いま中国では人民の「愛国化」が進む。とくに若者の新入党員が増えていて、党員9500万人のうち35歳以下が4分の1を占めるという。
まあ「入党することによる人脈の利益」が大きな理由であり、必ずしも「政策支持」ではないようですが。
NHKの「クロ現」ではいま気鋭の中国ウォッチャー、ルポライターの安田峰俊さん*1をゲストに中国の若者の動向を取り上げていた。
興味深かったのが、アメリカなどへの留学組が続々と中国に帰り、体制側の人材として祖国の発展に貢献したいと思っていることだ。

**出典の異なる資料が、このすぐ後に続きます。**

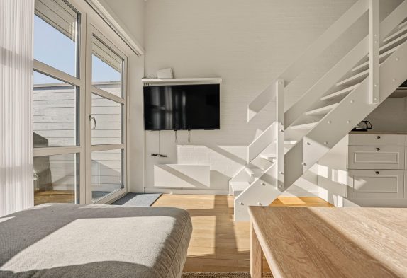 Denne hyggelige ferielejlighed er perfekt for jer, som vil nyde en romantisk parferie, eller for den lille familie med op til 6 personer. Beliggende blot 100 meter fra Vesterhavet og 200 meter fra bymidten får I her en uovertruffen placering – og så med fællespool og sauna oveni er rammerne sat for en hyggelig ferie.

2006年の帰国率はわずか31%だったのが、2019年には82%に増えている。
1989年の天安門事件のあと、
2008年、北京オリンピック
2010年、GDPで日本を抜いて世界2位に
(中略)と「(ボーガス注:経済的な)成功」を積み上げ、経済も右肩上がりの過程に今の若者は育ってきている。2050年にはほぼ確実にアメリカを抜いてGDP世界一になるはずだ。
留学組の若者の目からも、中国は明らかに成功していると見え、(中略)安田さんによると、政治に口を出さない限り、文化面も遊びも自由で、若者たちは抑圧されている感を持たないという。
「今の中国に限らず」大抵の国では「留学から帰国したエリート」は「高い地位に着ける」「高額給与」などで優遇しますからね。
「たとえ優遇されても、一党独裁の中国政府に協力したくない」「中国よりもっといい待遇の国があった」とかいう「帰国しない人」も中にはいるでしょうが、帰国者がいるのは当たり前の話です。まあ、「救う会の幇間」という「人間のくず・高世」に比べたら「留学から帰国したエリート」の方がずっとましです。「留学から帰国したエリート」が「中国近代化に貢献した」のに対し、高世は一体拉致問題で「何の貢献をした」のか?
番組が最後に、中国の落とし穴として挙げた不確定要素は、膨大な数の負け組の若者たちの存在*2と少子高齢化のスピードの速さだ。ただ不満が表面化しないように共産党はコントロールを強めるだろうから、すぐにほころびが出てくるとは思えない*3。
NHKや高世(特に高世)には「やれやれ」ですね。「程度の差こそあれ」、少子高齢化や格差問題は日本や欧米にもある話です。
そして、そうした問題について、もちろん「中国政府」は「格差是正(例えば社会保障制度の充実、累進課税強化などが考えられる)」「少子高齢化の弊害是正(子育て支援による少子化克服、移民導入など考えられる対応策はいろいろあります。日本の入管法改定(移民国家への方向性)もそうした少子高齢化への対応が一つの理由です)」の方向でいろいろと動くでしょう。
高世の「コントロールを強める」という表現では「是正という飴」のことは考えになく「もっぱら鞭ばかり」想定しているようですが。
きょうのニュースでは、民主派区議の大量辞職が報じられている。ちょっと長いが、今後を左右する出来事なので記事を引用する。
《香港の地方議会に当たる区議会議員(479議席)のうち、10日までの4日間で少なくとも150人以上が一斉に辞職を表明した。香港メディアが報じた。
区議会は、事件の容疑者を中国に移送できる逃亡犯条例改正案に反対するデモが相次いだ2019年の11月にあった選挙で、民主派が全議席の8割以上にあたる388議席を獲得した。しかし(中略)香港政府は区議会の制度改変に着手し、区議に政府への忠誠を宣誓させ「非愛国」とみなせば資格を剝奪できる条例改正案を今年5月に成立させた。
政府は改正条例に沿って、7月中に区議へ宣誓を求めるとの方針を表明。これを受けて香港紙明報の集計では、10日までの4日間で少なくとも153人の区議が辞職を表明した。19年の区議選で当選した民主派議員の半数以上がすでに辞職を表明する異常事態となった。
民主派でもあえて宣誓することで議会に残ろうとする区議もいる。しかし香港メディアによると民主派区議約230人は、かりに宣誓しても「条例の要求を満たしていない」として資格が剝奪されるとみられており、今後さらに辞職する議員が増える可能性がある。》
区議会での勝利から立法会での勝利へ、と民主派が描いた革命の構想はついえた。一昨年のあの勝利の熱気がうそのようだ。
まさに「蟷螂(とうろう)の斧」。彼らには、我々日本を含む海外の民主国家からの連帯が必要だ。
「欧米や日本における中国ビジネスの重要性」から「アンチ中国」の高世ですら「連帯」という曖昧な言葉しか書けないわけです。